Frank Bowling
Frank Bowling
Guyanese, born 1934
After moving to New York in 1966, Bowling’s commitment to modernism meant he was increasingly focused on material, process and colour, so that by 1971 he had abandoned the use of figurative imagery. Bowling’s iconic ‘Map Paintings’ (1967-71), which include the stencilled landmasses of South America, Africa and Australia, embody his transition from figuration to pure abstraction. As a contributing editor at Arts Magazine (1969-1972), Bowling rejected the idea that ‘artists who happen to be black’ should be making overtly political or protest art and defended those engaged in abstraction. His critical writings represent a significant contribution to intellectual debates on ‘black art’. In 1969, Bowling organised, curated, and wrote the catalogue essay for the notable exhibition, 5+1, at the State University of New York, Stony Brook, and Princeton University, which showcased the work of five African American abstract artists as well as his own recent paintings. Bowling exhibited six large ‘Map Paintings’ in a solo show at the Whitney Museum of American Art in 1971. From 1973 to 1978, Bowling experimented with ideas of chance and ‘controlled accidents’, pouring paint from a two-metre height to create his visually arresting ‘Poured Paintings’.

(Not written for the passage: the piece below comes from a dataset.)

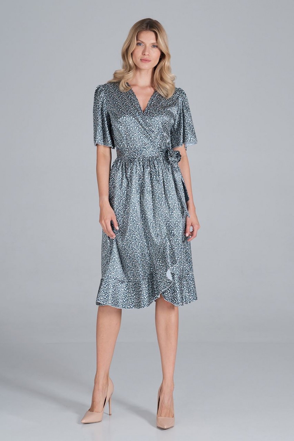 Satynowa kopertowa sukienka midi z szerokim krótkim rękawem, wiązana w pasie, rozkloszowany dół z falbaną. Sukienka bez podszewki.

Bowling returned to London in 1975 but continued to spend significant periods in New York. His sculptural paintings of the 1980s include embedded objects and thickly textured canvases, and have been described as evoking landscape, riverbeds and geologic strata. Visible in his work, are legacies of both the English landscape tradition and American abstraction. Bowling shares Turner and Constable’s preoccupation with light, never more evident than in his dazzling ‘Great Thames’ paintings of the late 1980s. Bowling’s experiments with ammonia, gel, metallic and pearlescent paint create incandescent reactions on the canvas. His recent work encompasses collage, poured paint, stencilling, staining, and stitching canvases, bringing together techniques honed over a lifetime of painting.
Bowling became a Royal Academician in 2005 and was awarded the OBE for services to Art in 2008 and a knighthood in the Queen's Birthday Honours in 2020. His work is represented in fifty collections worldwide and has been exhibited in 160 group and 100 solo exhibitions, including the 2017-19 touring exhibition, Mappa Mundi, and the hugely successful retrospective at Tate Britain in 2019. Bowling is the subject of a BBC documentary, Frank Bowling's Abstract World, which coincided with the opening of the Tate Retrospective. At the age of 86, Bowling works every day in his South London studio, accompanied by his wife, Rachel, other family members and friends, forever driven by his fascination with pushing the vast and radiant possibilities of paint.